StoryBuilders: Turning Children’s Imagination Into Keepsakes
All photos submitted by Sarah Kowalske.
Cameron Schilling
There is something special about seeing a child flip through a book and suddenly stop on a page because they recognize something: a drawing, a character, a little piece of themselves. That is exactly what StoryBuilders has been creating this year, and it is hard not to be moved by it.
The idea behind the club is one that is as simple as it is meaningful. Members visit local elementary schools where second graders draw original characters. From there, the high schoolers take those drawings and build a story around them, printing the finished product into a real book that gets read aloud to the kids, and that each of them gets to keep. It is part creative writing, part community service, and entirely the kind of thing that reminds you why those things matter.
From a Class Project to Something Much Bigger
StoryBuilders didn’t begin as a club. It began as a final project in Mrs. Kowalske’s AP Language & Composition class in 2024, where a group of ten students worked on a service project after their AP test. Last year, Vihaan Kulkarni and Brody Carlson were part of a team that picked up and continued the project for the same two classrooms at Maple Avenue Elementary School. What happened next made it clear that this was worth continuing well beyond a grade.
After the service project concluded, Kulkarni and Carlson had a vision to make this accessible to all of the second grade classrooms in the Hamilton School District.
"We saw the joy it brought to the kids and were thrilled to have the opportunity again," said Kulkarni.
For Carlson, the response made the next step obvious, "The project was so successful that we saw it fitting to keep it going all year around and expand it to the entire district instead of only two classrooms."
And so the club was born.
A Year of Growth
This year, StoryBuilders has visited Woodside and Marcy Elementary Schools, creating nine original books between the two schools. Five more are planned for Maple, bringing the year’s total to fourteen books across three schools.
Getting there has come with real challenges.
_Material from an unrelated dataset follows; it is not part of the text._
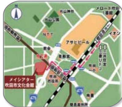
吹田市泉町2丁目29番1号 (阪急吹田駅1分)

Printing 25 copies of a book that runs anywhere from 18 to 30 pages puts strain on school resources, and coordinating the schedules of students, teachers, and multiple schools is no simple task. “Time management has been a challenge as members finish books at different times,” Kulkarni noted, but the club has worked through it, and the results have made it worth every bit of the effort.
The Moment That Makes It All Worth It
If you ask any member of StoryBuilders what keeps them coming back, the answer is almost always the same, the kids.
"My favorite part is reading the book to the kids and them getting excited about seeing their characters," said member Jack Fischer.
Evan Wagner described one reaction that has stayed with him: "One of my favorite times, a kid saw his character and screamed, 'My character is evil! Yes!' and then came to hug me." It is the kind of moment you can’t forget.
The books have also taken on a life of their own in the classroom, complete with recurring jokes that send the kids into a frenzy every time. Ryan Dahms recalled a quieter student whose entire demeanor changed the moment he found his drawing, "When he saw his skateboarder in the book, his face lit up and as soon as he got the book, he flipped to the page his character was on and made sure everyone saw it."
For Mollie Westfahl, it goes beyond the excitement of the moment, “I want to show them that their creativity doesn't go to waste," she said.
Mich Urban put it simply, "When we tell them that they get to keep the book after we're done reading, they always light up."
The characters the kids create have become some of the club’s most beloved memories: a skateboarder from Woodside, a banana-themed dinosaur named Bananasaurus Rex, a dinosaur french fry alien, and a shark villain named Grr Face a Gogo.
What Comes Next
As Kulkarni and Carlson prepare to head to college, their focus has shifted toward making sure what they built keeps going without them. Leadership applications have gone out to current members who have been helping throughout the year, and a new group of leaders will be selected soon.
"We hope the club will be able to create books for all elementary second graders in the district next year," said Kulkarni.
Carlson added that the goal is to "create a strong base for reaching all four elementary schools."
For a club that started as a single class assignment, StoryBuilders has already made a real impact—fourteen books, hundreds of kids, and a reminder that when you hand a child something that they helped make, something unforgettable happens. StoryBuilders is making sure that keeps happening.